These days, some health system CISOs wonder where the buck stops when a cybersecurity event goes down. Who’s responsible for helping the clinical side go through the motions when the CISO says it’s time to go to paper? It should be the CEO, COO, CFO and/or other top executives, and the entire process needs to be planned and practiced until your organization is bored, says Erik Decker, vice president and CISO at Intermountain Healthcare. In this interview with healthsystemCIO Founder and Editor-in-Chief Anthony Guerra, Decker says the enterprise-wide response to a cyberattack comes down to muscle memory. “Because then when it’s muscle memory, if and when the event happens, you’re going to be able to get over all the original decision-making burden and be able to manage the context of the specific incidents that you have in front of you.”

LISTEN HERE USING THE PLAYER BELOW OR SUBSCRIBE THROUGH YOUR FAVORITE PODCASTING SERVICE. 

Bold Statements

… ideally, if you have a new contract coming in that’s for technology or data services, that should go through a supply chain; a supply chain should have a fork that comes directly to you. And that way, you don’t have to go out there chasing everybody all the time.

The majority of threat actors out there are criminal organizations that are looking to make money. And they’re doing that through extortion and extortion via ransomware, etc., they’re going to go for the lowest drag pathway possible in order to do that. And that’s why basics is the thing that you have to make sure you’re up to snuff on.

… SBOM is good. It’s the first step in understanding and unpacking what’s going on underneath it. But if you have to do that manually for hundreds of thousands of devices, you can’t. It’s just not enough. You don’t have enough people to do that.

Guerra: Erik, thanks for joining me.

Decker: Happy to be here.

Guerra: All right, great. Erik, do you want to just briefly give us a quick overview of your organization and your role?

Decker: Yes, you bet. So, I’m Erik Decker, I’m the VP and chief information security officer for Intermountain Healthcare. Intermountain Healthcare is an integrated delivery network located in the Mountain West region. So based in Salt Lake City, Utah, but we have Nevada, Utah, Idaho, Colorado, Kansas, and Montana in our portfolio. And being an integrated delivery network, we’re also both a health plan as well as healthcare delivery organization.

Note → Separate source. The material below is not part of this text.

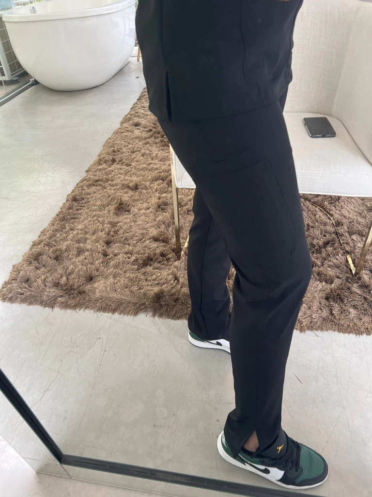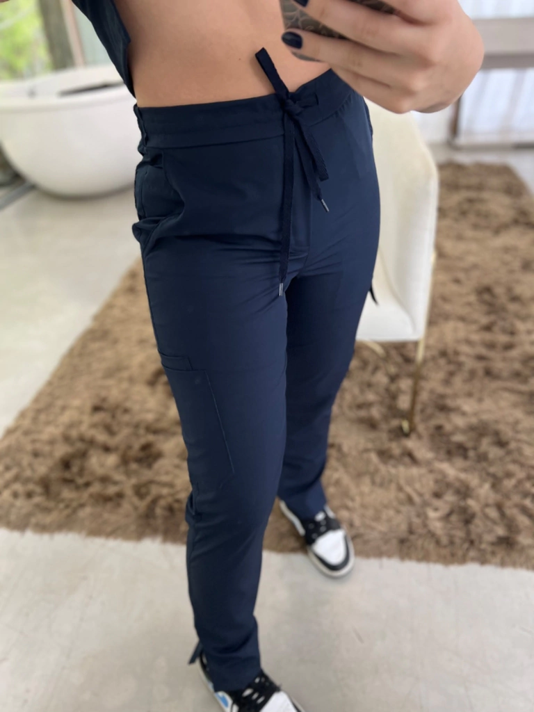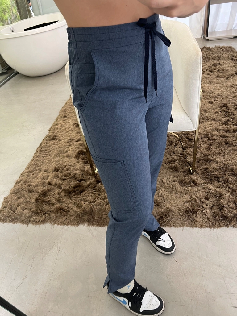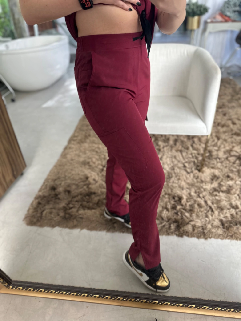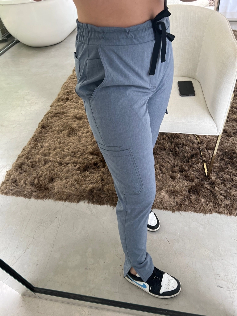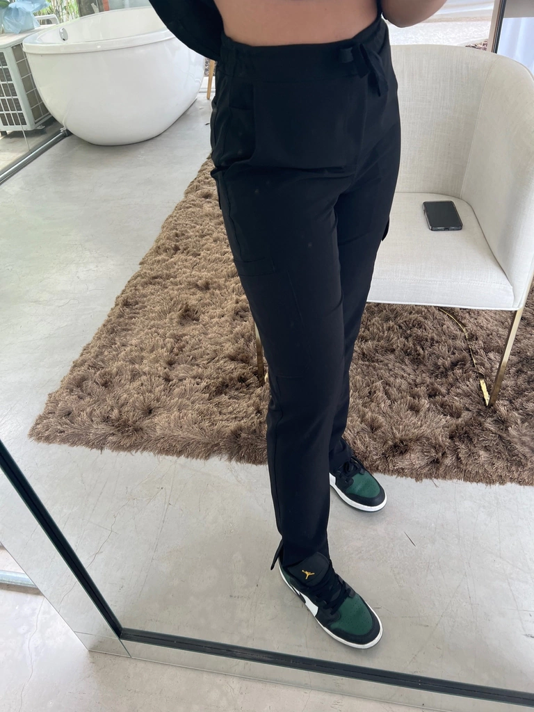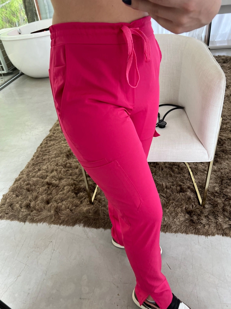 Calça com 2 bolsos posteriores , 2 bolsos laterais e 3 bolsos em perna , boca reta com abertura lateral

Guerra: Very good, Erik. All right, I want to just see what’s on your mind. So what are some of the top trends that you think CISOs should be working on or preparing their organizations to handle?

Decker: Yes, so the top issues that are happening today, of course, still start with ransomware. And there have been several big ones that have hit in the last 30, 60 days or so. And, you know, if you look at how these intruders are getting into these systems, it’s still the basics. Some of the trends that we need to be focusing on are our hygiene, our minimum standards, minimum controls that should be in place that work against the most prevalent attack vectors. And so it’s still multifactor authentication on your VPN, or the lack thereof on VPN, or email, remote desktop open to the outside world, critical vulnerabilities open on your perimeter. You know, these are things that are not overly complex, but the environments that we manage are really complex.